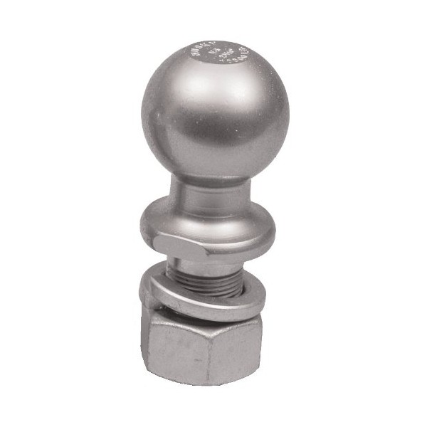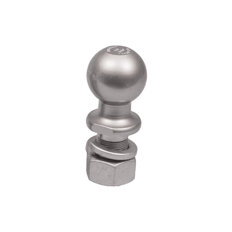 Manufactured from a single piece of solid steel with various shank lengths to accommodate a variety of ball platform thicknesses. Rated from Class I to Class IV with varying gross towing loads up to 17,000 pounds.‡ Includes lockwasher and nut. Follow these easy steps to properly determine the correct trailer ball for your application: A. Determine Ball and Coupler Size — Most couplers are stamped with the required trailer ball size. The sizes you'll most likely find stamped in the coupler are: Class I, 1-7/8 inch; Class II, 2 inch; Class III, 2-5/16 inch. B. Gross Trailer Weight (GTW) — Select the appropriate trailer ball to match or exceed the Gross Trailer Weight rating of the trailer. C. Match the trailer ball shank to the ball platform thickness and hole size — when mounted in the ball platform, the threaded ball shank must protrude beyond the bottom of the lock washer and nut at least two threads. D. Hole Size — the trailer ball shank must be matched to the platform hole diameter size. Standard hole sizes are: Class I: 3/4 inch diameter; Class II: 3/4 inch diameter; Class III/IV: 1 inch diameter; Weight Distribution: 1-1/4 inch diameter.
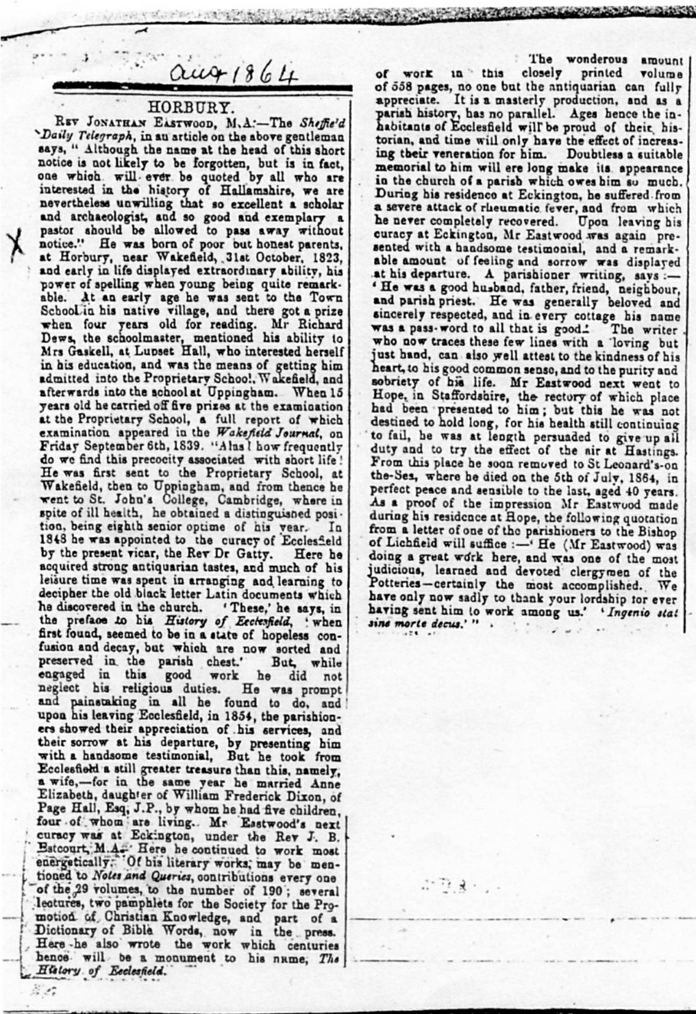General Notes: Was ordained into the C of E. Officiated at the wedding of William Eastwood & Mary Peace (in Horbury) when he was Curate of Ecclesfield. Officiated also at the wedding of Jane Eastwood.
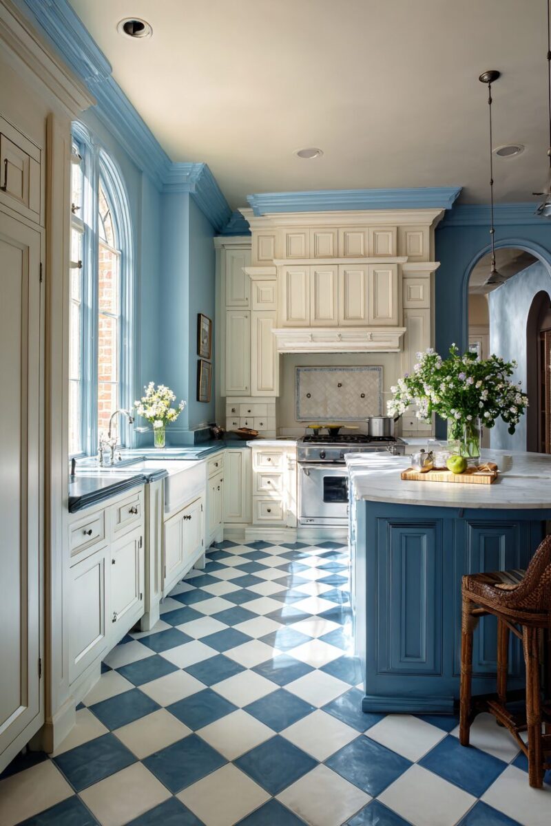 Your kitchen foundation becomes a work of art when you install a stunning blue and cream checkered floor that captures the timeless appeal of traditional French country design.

---

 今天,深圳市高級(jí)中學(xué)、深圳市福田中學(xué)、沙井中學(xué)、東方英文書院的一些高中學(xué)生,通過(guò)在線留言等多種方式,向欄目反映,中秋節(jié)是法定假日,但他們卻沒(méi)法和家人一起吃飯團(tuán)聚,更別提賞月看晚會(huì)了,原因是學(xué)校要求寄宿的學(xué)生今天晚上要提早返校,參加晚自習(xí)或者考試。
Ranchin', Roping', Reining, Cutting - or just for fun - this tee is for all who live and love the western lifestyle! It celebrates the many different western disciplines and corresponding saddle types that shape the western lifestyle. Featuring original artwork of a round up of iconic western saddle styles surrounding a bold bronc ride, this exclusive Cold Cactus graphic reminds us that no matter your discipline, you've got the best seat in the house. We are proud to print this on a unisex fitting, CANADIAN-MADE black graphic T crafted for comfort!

= WHAT IS REQUIRED =
Using the data above, return the lines from the one holding "General Notes: Was" through the one holding "Your kitchen foundation" exactly, but not the pictures.

= REPLY TO THE TASK =
General Notes: Was ordained into the C of E. Officiated at the wedding of William Eastwood & Mary Peace (in Horbury) when he was Curate of Ecclesfield. Officiated also at the wedding of Jane Eastwood.
 Your kitchen foundation becomes a work of art when you install a stunning blue and cream checkered floor that captures the timeless appeal of traditional French country design.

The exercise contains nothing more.